Juli Rambe • Dipublikasikan Rabu, 22 Juli 2026 | 17:40 WIB
EVAKUASI: Tim SAR gabungan saat mengevakuasi jasad kedua korban tewas ledakan di Grand Polonia Medan, Selasa (21/7/2026). (Dok: Gusman/Sumut Pos)
EVAKUASI: Tim SAR gabungan saat mengevakuasi jasad kedua korban tewas ledakan di Grand Polonia Medan, Selasa (21/7/2026). (Dok: Gusman/Sumut Pos)

 

MEDAN, SUMUT POS- Forum Pemuda Nusa Tenggara Timur (NTT) Wilayah Sumatera Utara mendesak pihak majikan dan penyalur tenaga kerja bertanggung jawab atas meninggalnya Ros, asisten rumah tangga (ART) asal Kabupaten Nagekeo, NTT, yang menjadi korban ledakan di Kompleks Grand Polonia, Kecamatan Medan Polonia.

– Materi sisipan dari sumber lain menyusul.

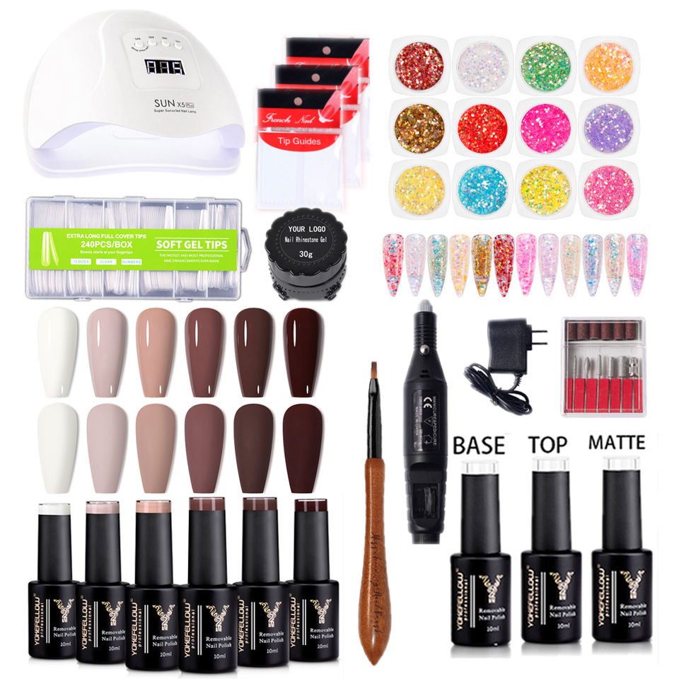 Poly Nail Set Poly Nail Gel Kit 10ML Extensión Nail Acryl Gel Nude 18 colores con Slip Solution Stater Kit para principiantes

Ros merupakan satu dari tiga korban meninggal dunia dalam ledakan yang menghancurkan rumah di Jalan Perhubungan Udara/Mustang, Senin (20/7/2026).

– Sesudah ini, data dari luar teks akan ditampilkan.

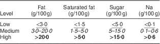 Table 1 Food Standard Agency’s nutrient profiling categories for high, medium and low amounts of nutrients per 100 g, including salt recalculated as sodium as described in the ‘Methods’ section( Reference Serra-Majem and Bautista-Castaño 25 )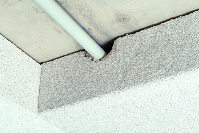 Izolačné dosky sa dajú prispôsobiť aj existujúcim vedeniam a otvorom v stene či v strope. Tým sa zabezpečí homogénna izolačná rovina. Lepiaca malta sa nanesie aj do upravenej časti dosky.
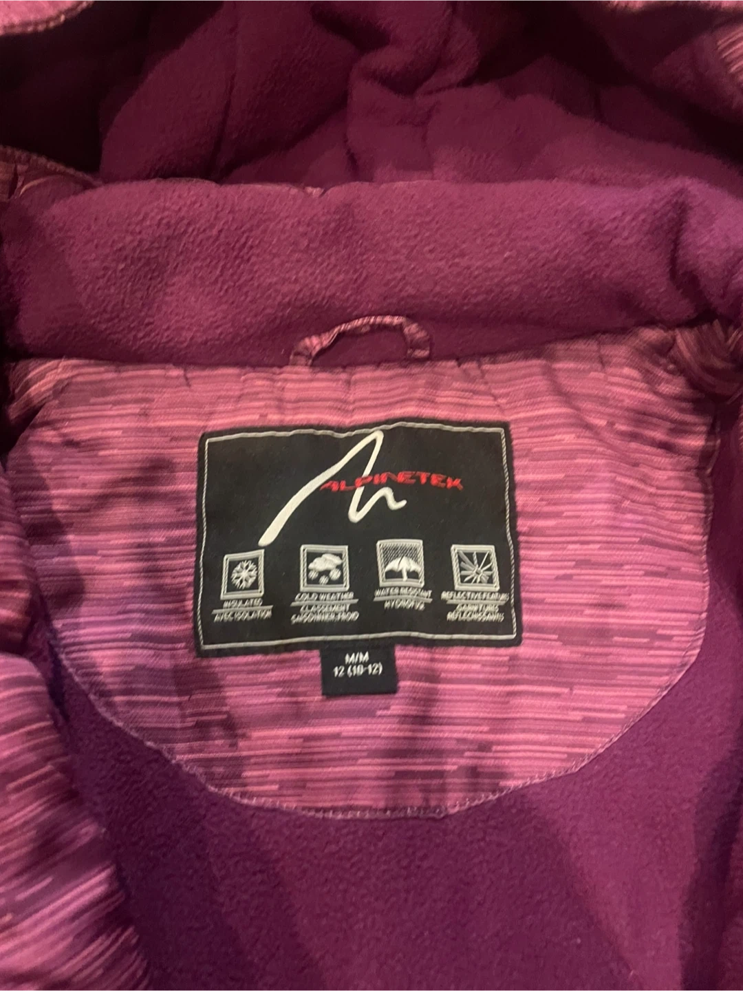 Here's a purple Alpine Tek winter jacket, perfect for keeping warm! It's a size M (10-12). Great for cold weather activities and has a water-resistant exterior.

Ketua Forum Pemuda NTT Wilayah Sumut, Devis Abuimau Karmoy, menyampaikan duka cita atas meninggalnya Ros. Menurutnya, selain mengusut penyebab ledakan, hak-hak keluarga korban juga harus menjadi perhatian.

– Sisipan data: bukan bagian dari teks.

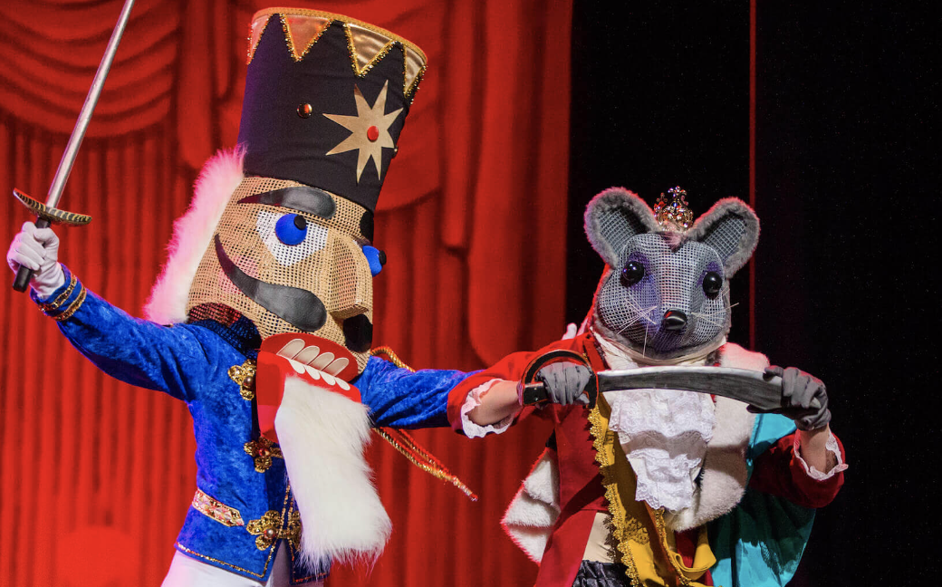 As Clara drifts asleep that night, the audience is transported into her dream. As Clara tiptoes back to the living room she is met by the life sized and animated Rat King and Nutcracker. A battle then ensues with an army of soldiers in Clara’s living room. After successfully defeating the Rat King, the Nutcracker’s spell is broken, and he becomes Prince once again.

Baca Juga: Komisi 1 Minta Usut Tuntas Penyebab Ledakan Rumah di Grand Polonia, Robi Barus : Harus Ada yang Bertanggung Jawab

"Kami turut berduka cita atas meninggalnya saudari Ros. Kami berharap seluruh hak keluarga almarhumah dapat dipenuhi dan ada tanggung jawab dari pihak-pihak terkait," ujarnya dalam keterangan tertulis, Rabu (22/7/2026).

Dia juga meminta aparat kepolisian mengusut tuntas penyebab ledakan yang menewaskan Ros. Menurutnya, proses penyelidikan harus dilakukan secara transparan hingga penyebab pasti insiden dapat diketahui.

Selain itu, Forum Pemuda NTT Sumut meminta penyidik turut memeriksa yayasan atau perusahaan yang menyalurkan Ros untuk bekerja di rumah tersebut.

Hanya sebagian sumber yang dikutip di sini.